Village in Nottinghamshire, England

Mattersey Thorpe is a small village in the Bassetlaw district of northern Nottinghamshire, England. It is 134 mi north of London, 32 mi north of the county town and city of Nottingham, and 5+1/2 mi north of the town of Retford. It is in the civil parish of Mattersey.

== Geography ==
Mattersey Thorpe is surrounded by the following local areas:

- Everton and Harwell to the north
- Mattersey to the south east
- Ranskill and Scrooby to the west.
This area lies in the north within Bassetlaw district and the wider county. Within the parish, the area is also to the north, and is 1/2 mi from Mattersey village.

The historic core of the Mattersey Thorpe is located where Breck Lane meets Thorpe Lane. This end of the area is predominantly a farming community, interspersed by farms, the occasional residential dwelling and greenfield land. the land elevation here is approximately 10 m

A modern estate sits directly to the west centred around the Bader Rise and Keyes Rise roads, and within this the land elevation is approximately 10-18 m, the area being along the slopes of a small hill.

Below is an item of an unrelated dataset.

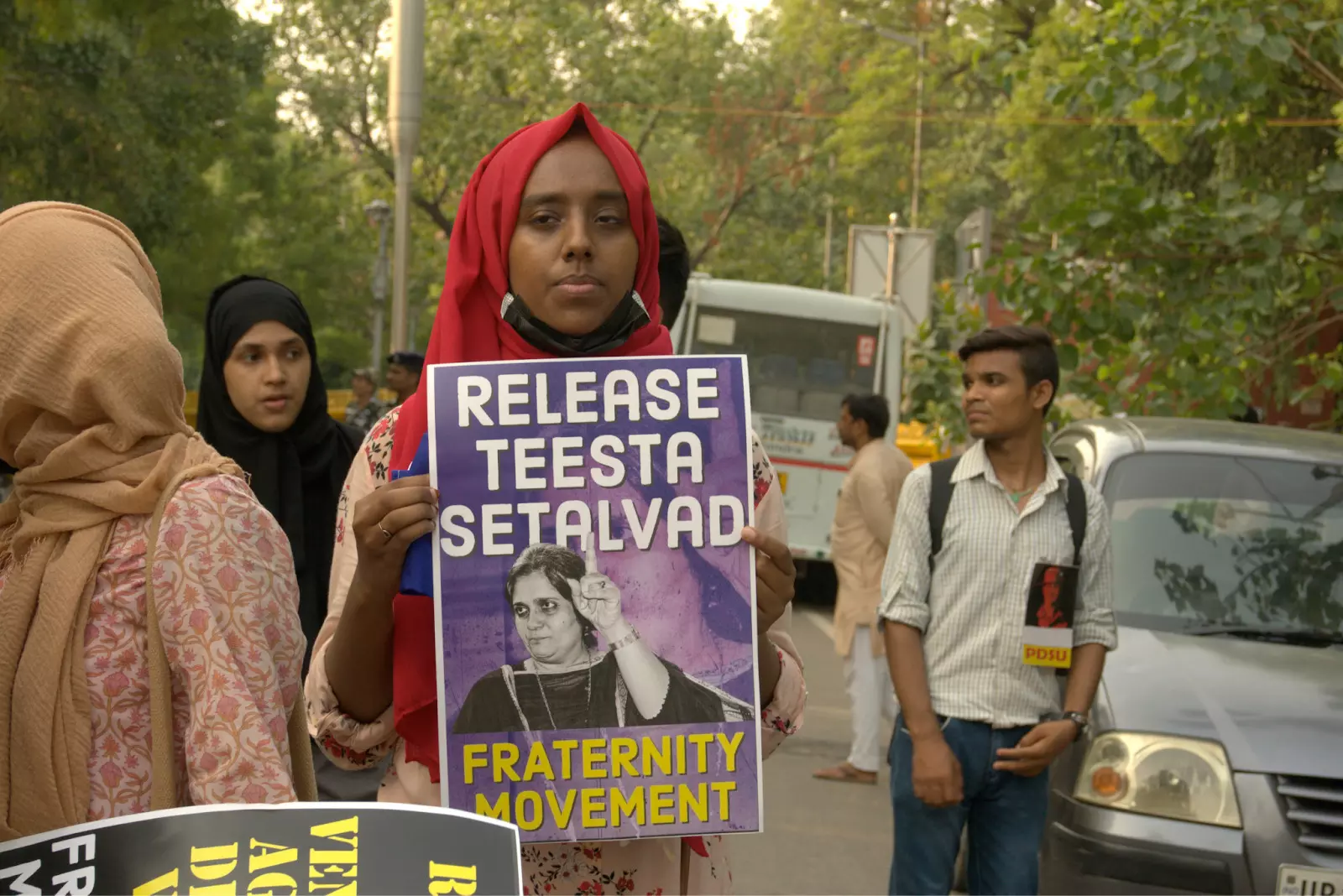 The day after Gujarat police arrested journalist and civil rights activist Teesta Setalvad and former police official R.B Sreekumar, protestors gathered in parts of the country to demand their immediate release.

The area stands on the west bank of the River Idle.

== Governance ==
The area, along with Mattersey village are both within Mattersey parish.

Mattersey Parish Council manage the lowest levels of public duties in the settlements.

The middle tier of local government is performed by Bassetlaw District Council.

Nottinghamshire County Council provides the highest level strategic services locally.

== History ==

=== Toponymy ===
Mattersey was Madressei or Madreisseig in the Domesday Book of 1086, meaning 'well-watered land', implying a flood plain area due to its proximity to a river.

Mattersey Thorpe was not recorded in Domesday, but was first reported in county records as Thorpe in 1298. The thorpe is used here in Norse form as a 'hamlet adjoining a village or chief settlement.'

It was further recorded as Thorp juxta Madersey in 1305, with a recognisably modern form appearing in 1545 Nottinghamshire post mortem records as Matterseythorp.

=== Heritage ===
Before the Norman Conquest in 1066 AD, Mattersey was the manor of Earl Tostig Godwinson. After the historic Battle of Hastings in which he died, Mattersey was given to a Norman family who took the name of De Mattersey or Maresay. Mattersey Thorpe comprised 4 farms and their associated dwellings (one dating to 1648) until 1940. During World War II, 157 pre-fabricated bungalows were built as an emergency housing settlement by the government for workers at the munitions factory that had been established in nearby Ranskill. Many of the roads then built were named after notable wartime figures (Keyes Rise, Winston Green, Bader Rise, Wavell Crescent, Cunningham Close, Newall Close, Wilson Close). There was also a shop, school and club building. After the war, the district council rebuilt part of the area in the 1970s with urban-styled council housing. In the 1990s a development of market housing of 2 and 3 bed bungalows was completed on the remaining land.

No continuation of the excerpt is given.